The Music Industry’s Identity Crisis Is Actually Its Greatest Opportunity
By HGM Moe Ji One | April 8, 2026 | Music
The music industry in 2026 looks like it can’t decide what it wants to be. And I mean that as a compliment. When an industry is pulling in four different directions at once, that’s not confusion — that’s energy. That’s opportunity.
AI Is Flooding the Stream
Deezer reported receiving over 50,000 fully AI-generated tracks every single day by late 2025. Let that number sit with you for a second. 50,000 tracks. Per day. The streaming platforms are drowning in machine-made music, and the algorithms can barely tell the difference.
As someone who’s spent years developing a genuine voice — both literally as a voice actor with 60+ film credits and as a musician and producer — this gives me complicated feelings. On one hand, AI-generated music lowers the floor to nothing. Anyone can now flood a platform with content. On the other hand, that flood makes authentic, human-crafted artistry more valuable, not less. Scarcity is still real. And nothing is more scarce right now than genuine creative soul.
Independence Is No Longer a Compromise
The other major shift? Independence has stopped being a stepping stone and become a destination. In 2026, independent artists are competing on the same playlists as major-label acts — not in spite of going independent, but because of it. Better analytics, faster release cycles, full ownership of masters. The math has changed.
I’ve always operated this way — building creative infrastructure that I own outright, whether that’s through Raw Studios or the music projects I develop independently in Riyadh. You can’t build a legacy on something you don’t own. That’s not just a business philosophy; it’s a survival strategy in an industry that’s historically stripped artists of their leverage.
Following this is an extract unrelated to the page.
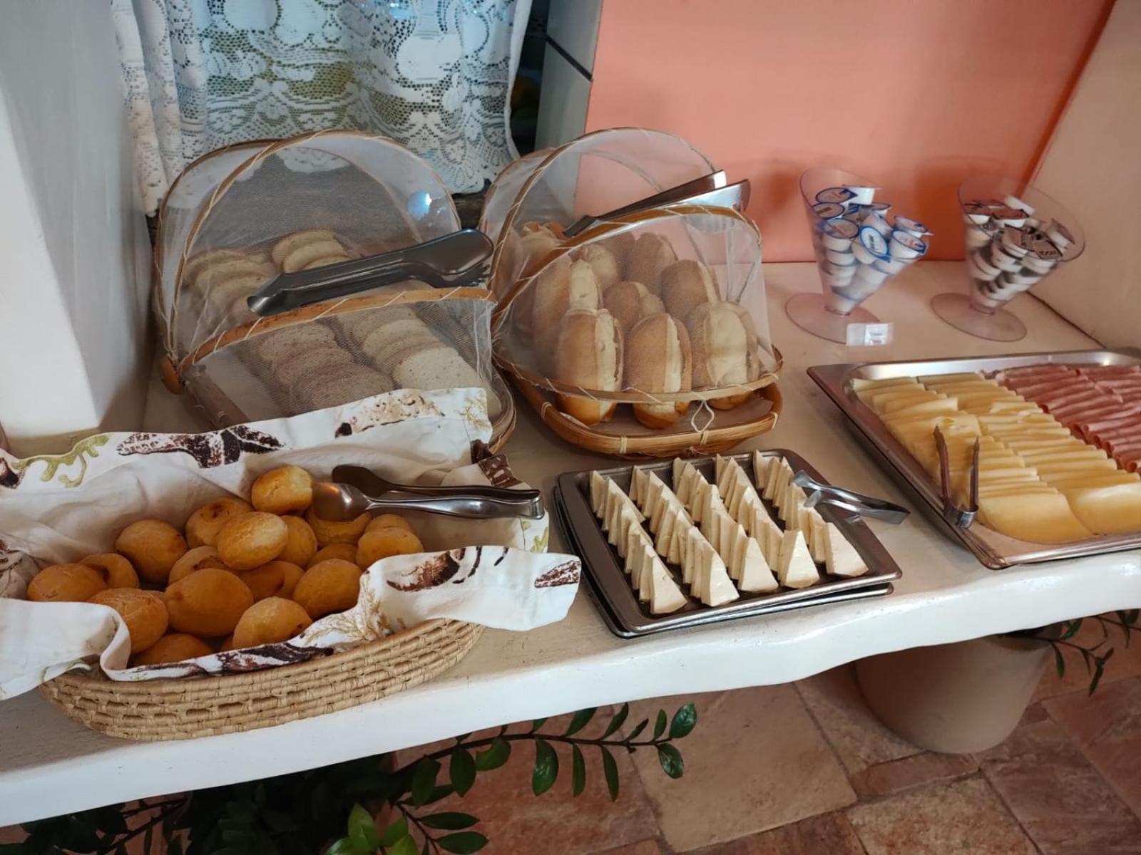 O café da manhã com bastante variedade.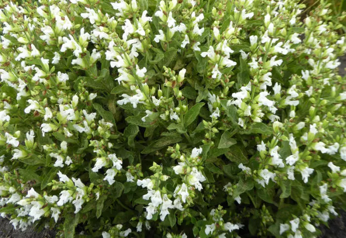 La Salvia officinalis 'Albiflora' est une plante vivace au tempérament compact et aux feuilles aromatiques, ovales gris-vert et allongées.

The Vinyl Revival Isn’t Nostalgia — It’s a Statement
Here’s what I find genuinely fascinating: as streaming reaches a $42.84 billion market in 2026, listeners are simultaneously rediscovering physical media. Colored vinyl, limited edition bundles, CDs bundled with merch and digital codes — these are moving units again. Why?
Because people are tired of intangible content. They want to hold something. They want to feel ownership over music they love. As an artist, this is a green light. Limited physical releases aren’t relics — they’re premium collectibles in a digital-saturated world. The artists who understand this are creating new revenue streams that the streaming royalty model will never replicate.
What This All Means for Artists in the Region
Saudi Arabia’s music scene is evolving fast. The cultural liberalization that accelerated through Vision 2030 has created space for genuine artistic expression — and a generation of listeners who are hungry for music that reflects their actual lives and identity. The global streaming market is paying attention to the Middle East and North Africa now in ways it wasn’t five years ago.
My advice to any artist navigating this moment: stop competing on volume. You will never out-produce an algorithm. Compete on meaning. On lived experience. On the kind of authenticity that makes someone put down their phone and just listen.
The music industry’s identity crisis is creating a vacuum at the top — and that vacuum belongs to whoever shows up with something real.
In a world flooded with generated sound, your authentic voice is the rarest instrument alive.